Not all workers being utilized
In the attached image if you can see 11/12 workers spun up but only 7 are being utilized but we're being charged for all the 12 GPUs. @girishkd
18 Replies
what do you mean 7 are being utilized?
that seems like 11 running
If you see "Jobs" section, 7 in progress it shows. So, it is not utilizing all the GPUs to serve the requests. Only 7 are serving the requests
Hm what app are you running there?
maybe check the logs, each worker
and see if anything stinks
its just a SDXL model
In some of the GPUs, CUDA failure was seen and those GPUs when we remove from the list of workers, they are not spinning up
Oh any logs?
are you with him? yeah then thats why probably it fails.

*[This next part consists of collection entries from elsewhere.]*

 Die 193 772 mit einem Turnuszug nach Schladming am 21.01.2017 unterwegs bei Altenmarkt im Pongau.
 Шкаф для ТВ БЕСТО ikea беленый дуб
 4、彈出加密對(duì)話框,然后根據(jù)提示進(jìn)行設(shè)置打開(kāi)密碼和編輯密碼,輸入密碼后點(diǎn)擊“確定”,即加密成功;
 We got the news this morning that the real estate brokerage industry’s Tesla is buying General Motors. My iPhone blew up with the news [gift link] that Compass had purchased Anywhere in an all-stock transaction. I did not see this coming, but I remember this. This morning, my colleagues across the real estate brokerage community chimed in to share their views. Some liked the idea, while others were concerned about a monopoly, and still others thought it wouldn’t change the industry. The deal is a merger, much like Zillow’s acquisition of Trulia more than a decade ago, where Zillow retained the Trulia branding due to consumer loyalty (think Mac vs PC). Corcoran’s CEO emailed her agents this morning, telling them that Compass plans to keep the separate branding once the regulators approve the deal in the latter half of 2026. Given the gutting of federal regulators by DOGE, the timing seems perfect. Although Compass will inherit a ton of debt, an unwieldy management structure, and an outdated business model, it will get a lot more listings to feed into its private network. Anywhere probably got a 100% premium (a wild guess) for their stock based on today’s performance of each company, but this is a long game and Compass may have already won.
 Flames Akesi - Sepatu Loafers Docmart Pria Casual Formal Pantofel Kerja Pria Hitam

try limiting the cuda versions from the settings
we limited the cuda versions to 12.1
me and @girishkd are colleagues
ohh i see, great
so its good now by setting that?
nope nope
oh so what happened now?
What kind of CUDA failure? Did it OOM for running out of VRAM?
I've seen that happen on 24GB GPUs when you add upscaling.

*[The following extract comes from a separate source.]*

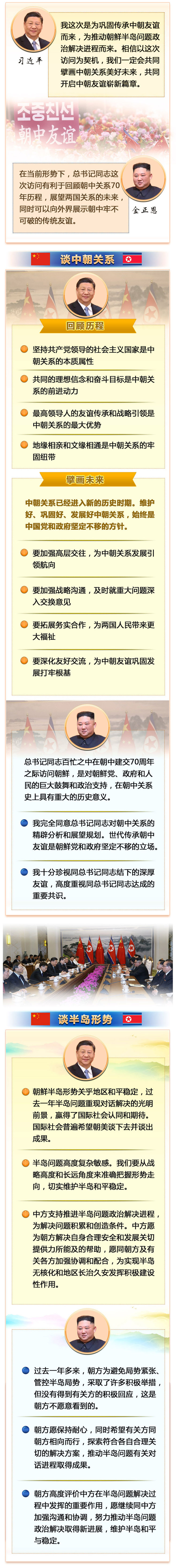 金正恩說,我代表朝鮮黨、政府和人民,熱烈歡迎習近平總書記對朝鮮進行國事訪問??倳浲景倜χ性诔薪ń?0周年之際訪問朝鮮,是對朝鮮黨、政府和人民的巨大鼓舞和政治支持,在朝中關系史上具有重大的歷史意義。今天平壤有25萬多民眾涌上街頭,熱烈歡迎總書記同志。在當前形勢下,總書記同志這次訪問有利于回顧朝中關系70年歷程,展望兩國關系的未來,同時可以向外界展示朝中牢不可破的傳統友誼。我完全同意總書記同志對朝中關系的精辟分析和展望規劃。世代傳承朝中友誼是朝鮮黨和政府堅定不移的立場。我十分珍視同總書記同志結下的深厚友誼,高度重視同總書記同志達成的重要共識,愿以總書記同志這次訪朝為契機,推動朝中雙方進一步加強戰略溝通,深化各領域友好交往,把朝中關系不斷提升至新的高度。
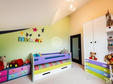 L'immobile è rifinito in ogni dettaglio, con l'inserimento delle tende da sole, l'antifurto e l'impianto di climatizzazione che permette di mantenere una temperatura ideale in ogni stagione. Completa la proprietà un box auto doppio, incluso nel prezzo, che offre spazio sufficiente per due veicoli e, una cantina, utile per lo stoccaggio di oggetti e attrezzature.

Attached screenshot contains the CUDA failure we are experiencing
We are using 24GB ones (4090s) only
Oh yeah that error seems to be due to a broken worker.
Okay. These broken workers are not getting respawned on its own. What should we do in that case ?
Contact RunPod support via web chat or email
Broken worker? Wow there's such thing
Yeah it happens sometimes just like broken pods. I had to terminate workers a few times.